Huh. What exactly was the impulse behind finding a substitute for molasses? It seems like molasses pretty much does the job it needs to do, so I’m curious what would cause us to search for a substitute. Increase in the use of sugar beets vs. cane? Expense of production? Some kind of weird hatred for molasses?
Hi V.,
You answered your own question! The rise of corn syrup was directly tied to the rise of sugar beets, which began replacing cane sugar in the States in 1890 (we were very late adopters of beets). Beets make lousy molasses, but grow in more climates that cane, and so are more versatile, less expensive sources of sugar…at least for people living up north. Corn syrup happened to come along about that time (the early 1880’s), and made a handy replacement for molasses. It was less expensive, easy to produce, had a cleaner taste and could generally be used for more things.

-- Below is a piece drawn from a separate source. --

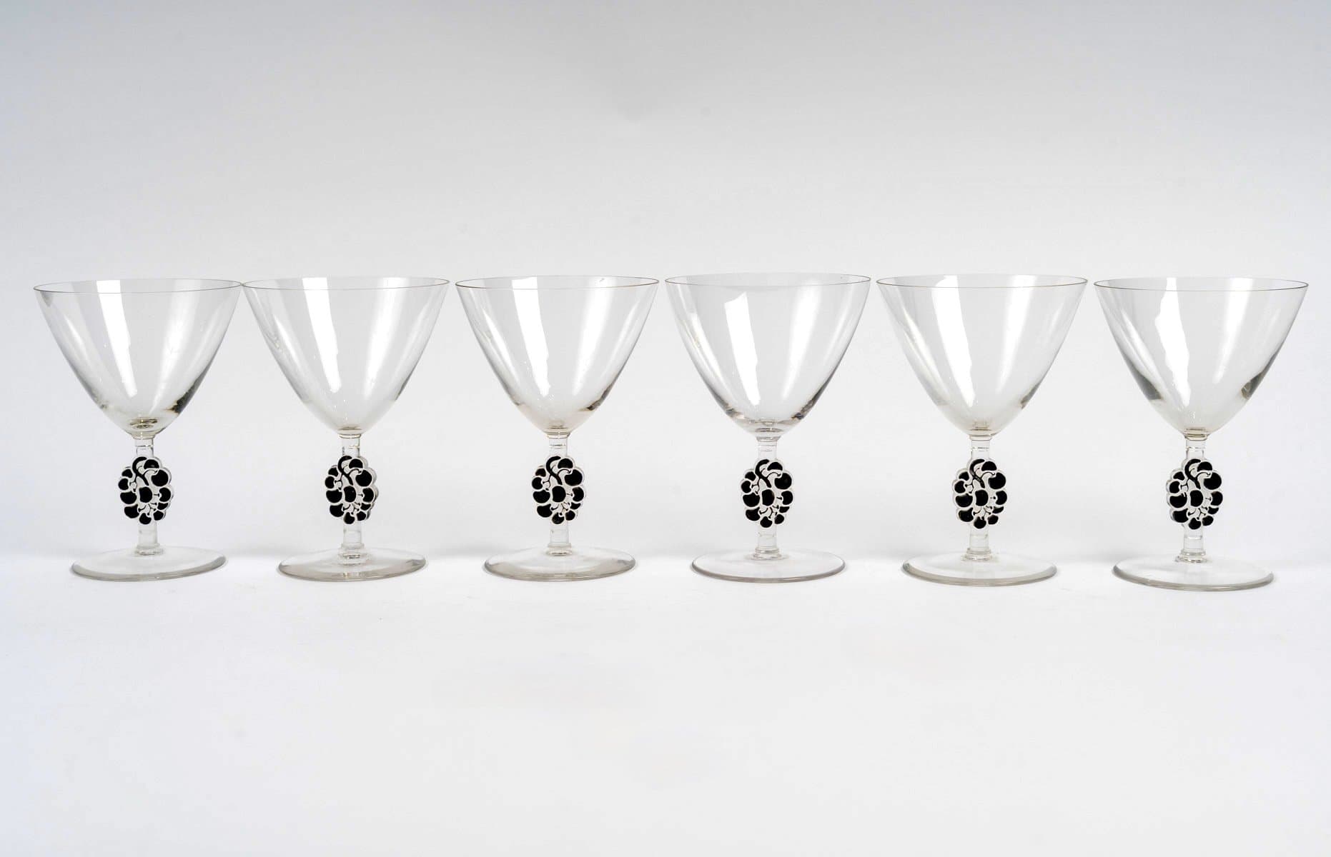Suite de 6 coupes à champagne « Thionville » en verre blanc émaillé noir d’origine à chaud de René Lalique créés en 1924.

It was also free of the taint of slavery, which all cane products carried from the earliest days of the colonies up until well after the Civil War. So from the vantage point of industrial-era consumers, it was pretty much a win across the board.
Great question!
– Joe
Recipe for modeling chocolate required corn syrup. I want to know can I use invert syrup and if so how much should I change the ratio?
Hello Fluxme!
You certain can make the substitution 1-1, though your modeling chocolate will be sweeter than it would have been with corn syrup. If that’s not a problem, proceed!
Cheers,
– Joe
I was on a quest to make moist madeleines and foudn a recipe from Pierre Herme that used caramel and invert sugar. I will try it with corn syrup tomorrow.
Interesting. Let me know the results, Judy!